• Non ci sono risultati.

CAPITOLO 3 IL VERDE E IL GRIGIO

3.2 I confini rumorosi

La prima volta che andai in cimitero da sola mi spinsi fino al lato sud-ovest. Rimasi basita di fronte alla vista della tangenziale. Di fatto sapevo che la super strada passava vicino al cimitero ma quando la vidi che si ergeva orgogliosamente sopra i fabbricati dei loculi non potei fare a meno di meravigliarmi. La prospettiva dal basso portava a schiacciare l’immagine, quindi ciò che si vedeva erano file di loculi

sovrastate dalle macchine. L’effetto ottico era impressionante. Non potevo crederci. Abituata ai piccoli cimiteri di campagna o agli affascinanti cimiteri monumentali non avevo dimestichezza con la complessità dei cimiteri urbani. I cimiteri che nessuno fotografava. Non sospettavo tali contaminazioni con la città che gli brulicava tutto intorno.

Il cimitero aveva due confini, uno fisico, evidente e palpabile, ovvero il muro che lo circondava separandolo, di fatto, dalla città. E un confine rumoroso che travalicava le mura, che portava la città dentro il cimitero. Avanzavo con la macchina fotografica in mano, intimorita. Pensai subito che doveva essere tremendo andare a trovare un proprio caro sepolto in quella zona. Il piccolo campo a terra costruito accanto al fabbricato levante, nonostante il suo prato all’inglese, mi faceva tristezza. Mi sembrava messo lì esattamente come si mette una toppa per coprire un buco sui pantaloni. Mi si perdoni il paragone di basso profilo. Era palese, ai miei occhi, che tutt’attorno regnasse il grigio. I palazzoni composti dai loculi, la tangenziale, la ferrovia, e anche i palazzoni e gli hotel che componevano il paesaggio esterno al cimitero, che da lì riuscivo a scorgere. Non bastavano certo quattro fili d’erba a rendere quell’angolo di cimitero più civile ed armonico. Quel piccolo campo verde, schiacciato dal grigio, mi sembrava una presa in giro.

Mi addentrai tra i due grandi palazzoni di loculi, il fabbricato Levante e il fabbricato B, entrambi affollatissimi di fiori e fotografie, i cui colori sembravano risaltare ancora di più, sembrando più vividi, in quell’angolo del cimitero. Passeggiare tra queste due strutture mi dava un senso di oppressione, tutto era pesante, la dimensione dei singoli loculi era piccola e stretta, i fiori e le epigrafi ci stavano dentro a stento e questo faceva sembrare i vari loculi ancora più fitti.

Le strutture imponenti sembravano schiacciarti e toglierti ogni via di fuga. Un unico viale li divideva. Lo attraversai, velocemente. Affrontai a passo spedito tutta la sua lunghezza e mi spostai verso il confine del cimitero. Camminavo accanto alle file di loculi e il mio sguardo vorticava da una foto all’altra, senza tregua. Arrivai all'angolo sud-ovest senza nemmeno rendermene conto, ero stata rapita dalle storie silenziose che mi avevano raccontato gli occhi delle persone ritratte nelle fotografie che avevo osservato. Tendevo ad immaginare le loro vite, rimanevo colpita dai loro abita, dai loro nomi e mi ritrovavo a fantasticare sulle loro esistenze, cercavo di immaginare che vita avessero vissuto in base ai dettagli delle loro acconciature o dei loro vestiti. La strana forma del cimitero, irregolare, ha portato alla creazione di bizzarri angoli ciechi. In quei punti le foto sembrano quasi guardarsi tra loro. Claustrofobia ed umidità.

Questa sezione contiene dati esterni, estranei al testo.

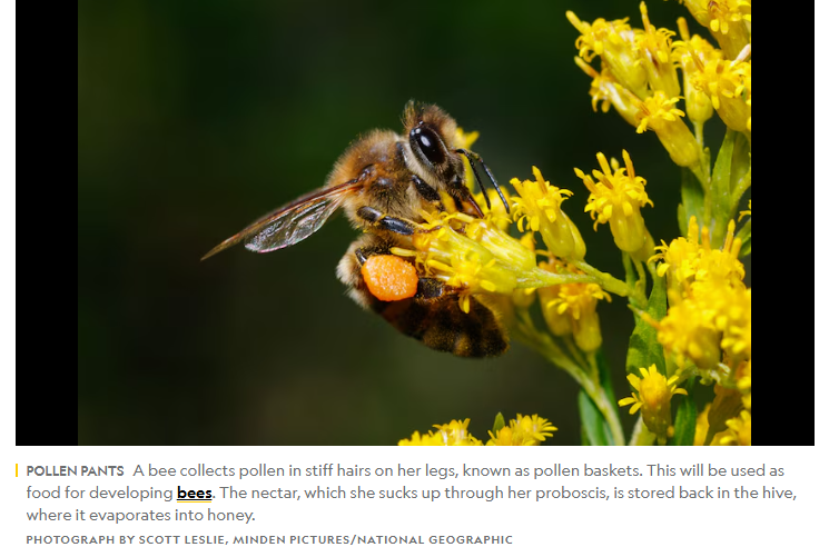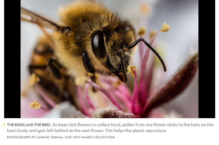 The Birds and the beesAs bees visit flowers to collect food, pollen from one flower sticks to the hairs on the bee’s body and gets left behind at the next flower. This helps the plants reproduce.

In quegli angoli sperduti sotto la tangenziale ho provato un certo disagio, la vera malinconia cimiteriale. Avevo l’impressione che il sole lì non sarebbe mai arrivato. Mi sembrava un luogo inadatto alla sepoltura, uno spazio poco dignitoso. Allo stesso tempo, però, ne ero affascinata. Il fascino perturbante di Freud, qualcosa che attrae e respinge nello stesso momento. Ero catturata da tutto ciò che vedevo attorno a me, scattavo fotografie con aria un po’ impacciata.

Ero concentrata nel cercare l'inquadratura giusta. Era difficile far incastrare tutti quegli angoli e seguire allo stesso tempo le linee dei muretti e delle grandi strutture dei fabbricati. Angoli dritti come fusi, imperturbabili, granitici. Ma di cemento.

Nel fotografare mi facevo molti scrupoli, quel giorno avevo una macchina reflex abbastanza grande, nuova nuova e ben visibile.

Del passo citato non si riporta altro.